If anyone underscores the need to not always support the opinions of recruiting services, it's Gilgeous-Alexander, who was viewed as the least likely member of UK's second-ranked 2017 recruiting class to jump to the NBA after a single season.

"Everybody, all these recruiting experts, all these NBA scouts, told me he'd be a four-year (college) player," recalled Ferrell, who played at the University of Tennessee at Chattanooga. "A lot of them thought he had a chance to play in the NBA, but that he'd probably need four years to get there."

Indeed, for the first six weeks of this past season, SGA wasn't even the starting point guard, sharing time with fellow freshman Quade Green. But then he exploded for 24 points against Louisville, 30 against Vanderbilt, and a three-day onslaught in the Southeastern Conference tournament led to him being named its MVP. Suddenly, he was viewed as an all-but-certain lottery pick, which led him to forgo the rest of his collegiate career for a contract that will likely pay him more than $3 million a year.

But as good a player as the 6-foot-6 Canadian has become on the court, Ferrell believes it's his character off the court that has sold more than one NBA team on his potential.

"Shai's a very, very safe investment," he said. "And that's important when you're handing a 19-year-old kid a multimillion-dollar contract. He checks all the boxes: coachable, disciplined, hard-working, bright, great motor, high character. He's exactly the kind of player and person you want in your organization."

To look at this draft is to question if at least some of the players currently predicted to go above SGA fill as many boxes, beginning with former Arizona star Deandre Ayton, who is expected to go No. 1 to the Phoenix Suns, despite Ayton or someone close to him having been alleged by the FBI to have accepted $100,000 to play for the Wildcats.

Beyond that is how many of these players have that championship mindset, given that of the 11 players currently projected by NBADraft.net to be picked before SGA, none willed their schools to the Final Four and only Duke's Marvin Bagley and Wendell Carter reached a regional final.

Not that SGA accomplished that, either.
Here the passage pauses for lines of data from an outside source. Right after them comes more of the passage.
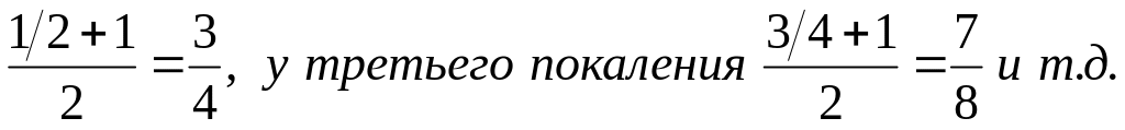 При поглотительном скрещивании у помесей разных поколений происходит увеличение доли крови улучшающей породы: F1-1/2; F2-3/4; F3-7/8; F4 – 15/16; F5 – 31/32. Кровность животных улучшающей породы принимается за единицу. Помеси I поколения - полукровные, расчет кровноcти у помесей II поколения следующий:
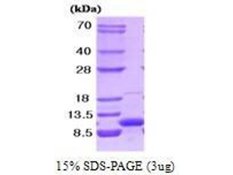 Cellubrevin, also known as VAMP 3, is present in recycling endosomes and endosome-derived vesicles. This protein has been implicated in recycling of transferrin receptors to the plasma membrane, secretion of alpha-granules in platelets, recycling of T-cell receptors to the immunological synapses, and membrane trafficking during cell migration. Recombinant cellubrevin was expressed in E. coli and purified by using conventional chromatography techniques.
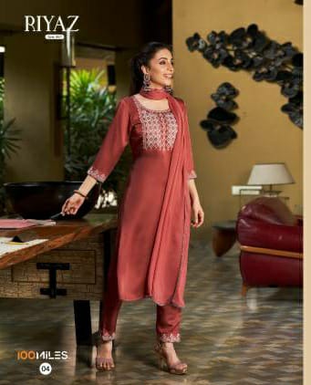 Fancy silk suit with embroidery -M -Peach
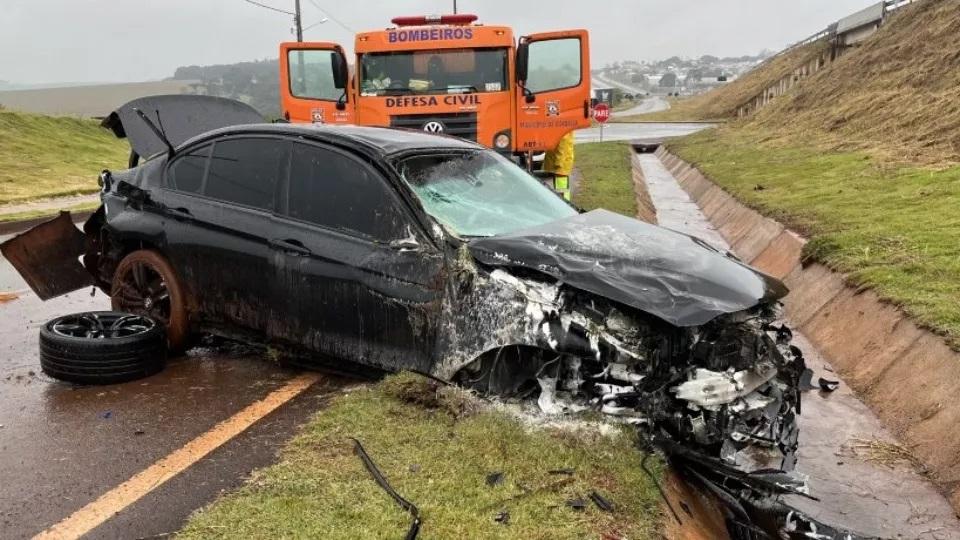 De acordo com o condutor, o automóvel BMW 320i seguia pela rodovia sentido Ubiratã, quando nas proximidades do viaduto da Avenida São Paulo aquaplanou e saiu da pista.
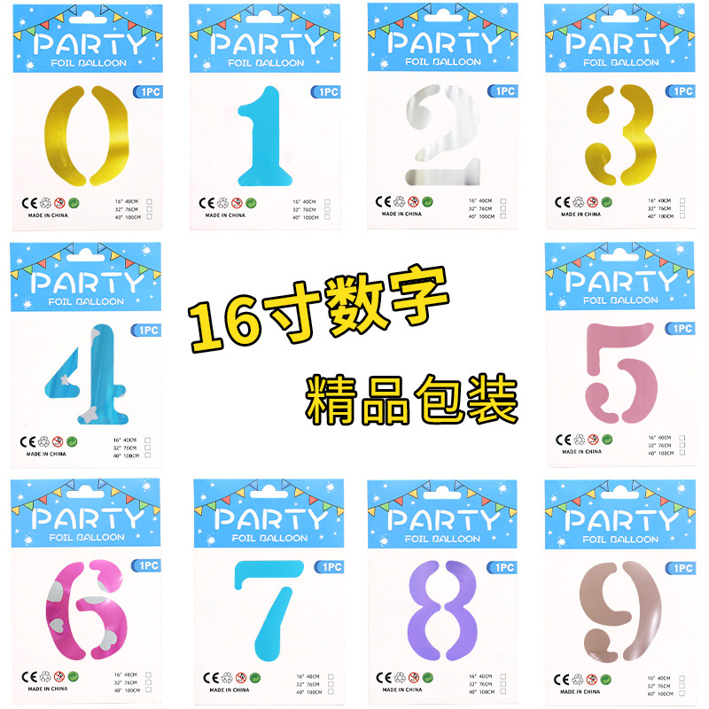 クロスボーダー16インチトランペット多色デジタル独立包装アルミ膜風船誕生日装飾デジタル風船卸売り
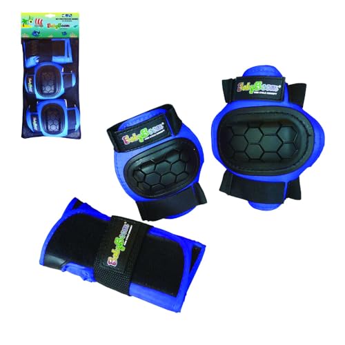 Sport1 Babyboom Ensemble de Protections pour vélo, Skateboard, Rollers, Trottinette, Poignets, coudières et genouillères réglables - Protection Genou, coude, Poignet - Taille M pour 25-50 kg - Bleu.
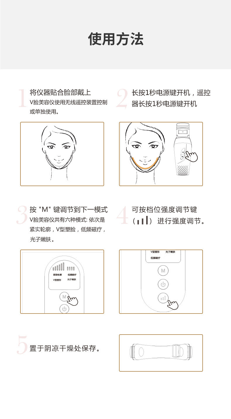 调节头带,戴在下巴位置,使面贴合产品的V型,开关键长按3秒开机,短按选择模式,默认档位1。短按+/-按调节力度,1-8档可调节。长按开关键关机。
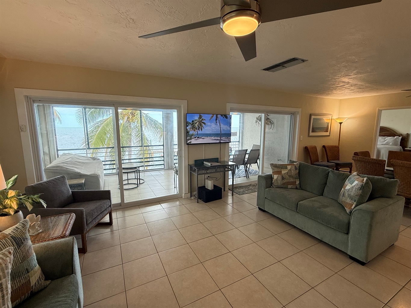 -Living Area: The open-concept living area features comfortable seating, perfect for family gatherings or unwinding after a day of exploring with Gulf Views.
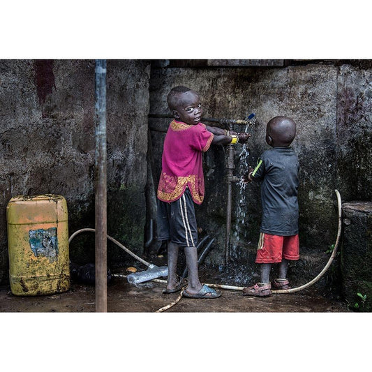 Surmi Tribe Children Cleaning Their Hands Before Starting To Eat - Ethiopia Black Modern Wood Framed Art Print by Inazio Kuesta, Joxe
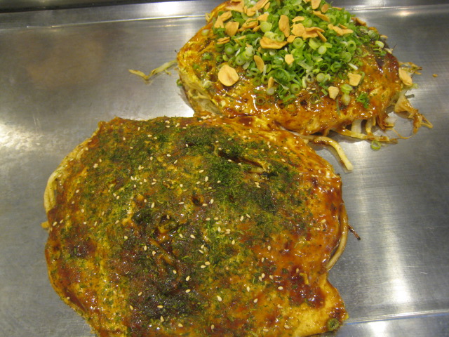 カウンター席の前の鉄板で若いお姉さんが焼いてくれる、きゃべつがたくさん入ったお好み焼き、ボリューム満点でした。かきとほたてのバター焼きも美味!
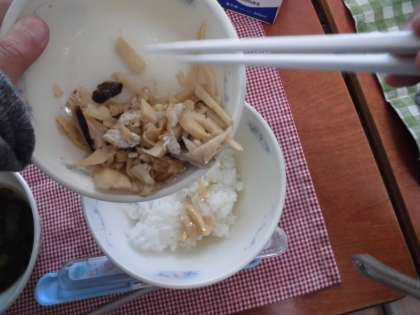 今日のきゅうしょくは,たけのこごはん・平天の煮つけ・とうふの吉野汁・牛乳でした。たけのこごはんは,春の味がしておいしかったです。
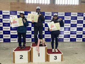 連戦の疲れが見える中でのレースとなりましたが、全力を尽くして滑り切りました。 総合の部では男女アベック優勝を果たしました。
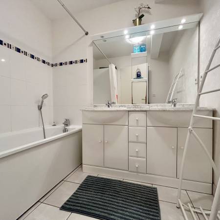 Salle de bains (baignoire/double vasque/sèche-cheveux) et toilettes indépendants.
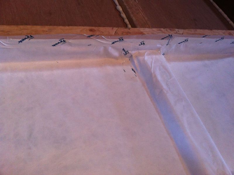 Step 7: Tape each cut and all along the entire edge of the bay so that it is completely sealed. If you rip the wrap anywhere, slap on a piece of tape and make sure all your staples are covered. In theory, as long as the house wrap tape holds (which is extremely sticky), each bay should be completely sealed off from the exterior.
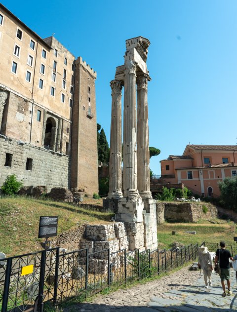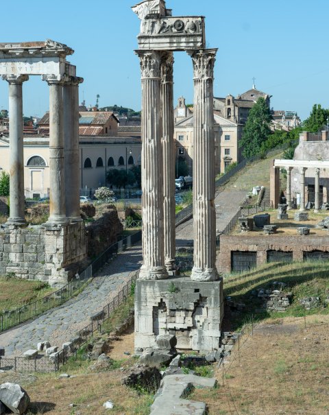 - 1811 nördliche Ecke des Pronaos mit 3 korinthischen Säulen und Epistyl wieder aufgestellt (weitere Reste des Gebälks im Tabularium)
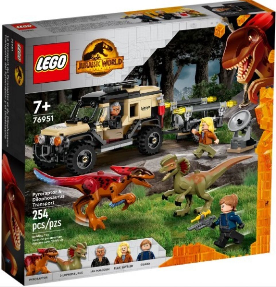 Se stavebnicí Přeprava pyroraptora a dilophosaura (76951) si děti mohou hrát na pátrání po dinosaurech v terénním autě s postavami z filmu Jurský svět Nadvláda. Vozidlo nabízí místo pro 2 minifigurky, odnímatelné zařízení na stopování dinosaurů a odpojitelný přívěs s otevírací klecí, do které se vejde figurka dinosaura. Nesmí chybět ani 3 minifigurky LEGO® – Ian Malcolm, doktorka Ellie Sattlerová ...

Playing on the youngest team in men's college basketball last season, the one-year careers of SGA and fellow expected lottery pick Kevin Knox ended in a Sweet 16 loss to Kansas State.

That doesn't mean that the expected top of this draft - Ayton, Bagley, Jaren Jackson and foreign product Luca Doncic - won't become all-stars, though only the ridiculously versatile Bagley currently looks as if he could become an all-time great.

What was an eye-opener to Ferrell was how thorough the dozen or so NBA scouts who phoned him about SGA were with their questions.

"The one that caught me most off guard was when one team asked me who I thought Shai would live with his first season," Ferrell said. "I'd never thought about that. But if you're that team, you want to know who's watching over a 19-year-old kid who's never been in an unstructured environment before. I don't know this, but I'm guessing Shai's mother might live with him that first year."

For selfish reasons, Ferrell hopes SGA will wind up living in Charlotte, Atlanta or Memphis, all easily driveable locales.

But that's for later. Tonight is all about an expected four-year project becoming a projected lottery pick in a single season.

"It's not every day that a kid you coached, a kid who lived with you and your family for two years, becomes an NBA lottery pick," Ferrell said. "I may coach the rest of my life and never have this happen again."

And given that, how could Peyton not stay up a wee bit later than normal?